Hired one thing, but then sued for another? It may be a more common problem than you think.  In a recent decision, an appellate court held that an attorney tasked with a seemingly simple and defined engagement, may actually be on the hook for much more. This serves as an important reminder to effectively communicate with the client to ensure there is a consensus as to the scope and limits of the engagement.

Plaintiff Attorney (“PA”) decided to retire from Law Firm (“Firm”).  In so doing, he hired defendant Outside Law Firm (“Outside Firm”) to concretize his departure from Firm by preparing the necessary documents. But, after the departure was finalized, PA brought a legal malpractice claim against Outside Firm when he discovered that the agreement did not contain a provision related to payouts from a 401(k).

Initially, the trial court granted summary judgment on behalf of Outside Firm.  That court found that Outside Firm merely acted as “scriveners,” in that their primary function was to take the terms and language of the departure agreement as provided by PA, and turn them into a binding agreement. Outside Firm was not responsible for negotiating these terms or for orchestrating any other aspect of PA’s departure from Law Firm. On this basis, the trial judge concluded that Outside Firm did not technically represent PA, but merely acted as an instrument in effectuating his departure.

On appeal, however, the court reversed and held that, despite Outside Firm’s seemingly limited involvement, the potential scope was a matter of factual dispute.  Among other concerns, the appellate court noted that there may well have been representation by Outside Firm on behalf of PA, as the acceptance of professional responsibility by a law firm “need not necessarily be articulated.” The appellate court further found that, despite Outside Firm’s primary responsibility to effectuate the terms of the departure agreement as provided by PA, it may well have had a professional responsibility to explore further the terms of this agreement, particularly with respect to the 401(k).  Ultimately, the appellate court decided that this matter had too many factual wrinkles to be decided by summary judgment.

So, what does this teach us?
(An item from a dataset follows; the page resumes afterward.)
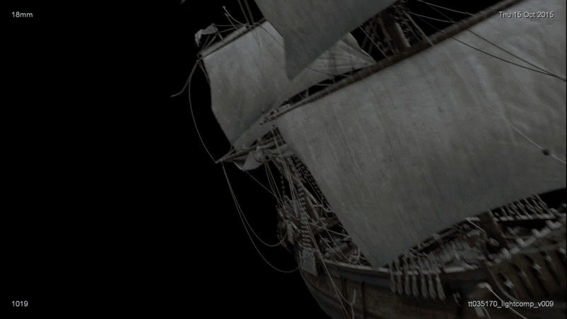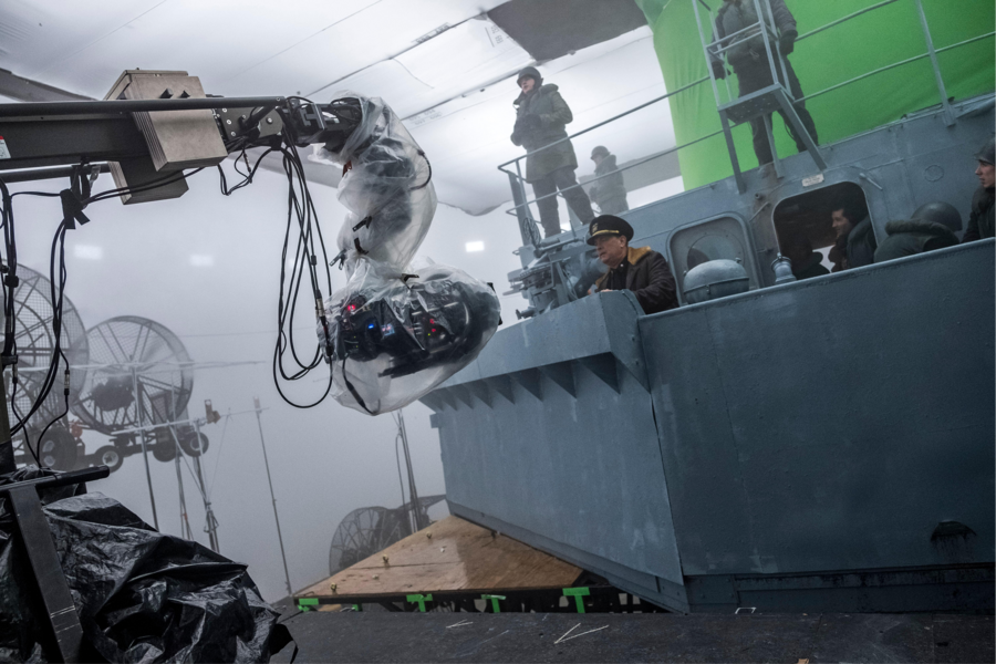 В итоге фильм был собран практически из двух пространств: реального и виртуального. Сложность такого процесса заключалась в том, что в каком-то смысле работа шла в режиме реального времени, где многие сцены приходилось собирать в виртуальном пространстве с нуля и по факту. Но при этом виртуальная среда сильно помогла автоматизировать процесс. Например, в фильме есть много подобных друг-другу кадров с видом на нос корабля, рассекающего волны. Для начала был создан только один подобный кадр, и после утверждения его режиссёром, остальные делались по образцу, чтобы снова не проходить все этапы согласования.

Never assume that even the most seemingly simple representation is as appears at first blush. Even if hired for what seems to be the most rudimentary task (i.e., something akin to a “scrivener”), it behooves any attorney or firm to approach that task with a fine-toothed comb and to ensure that the scope of the agreement is clearly spelled out and understood. Since the scope of representations continues to impose risks to professionals, clearly documented communication may be the key.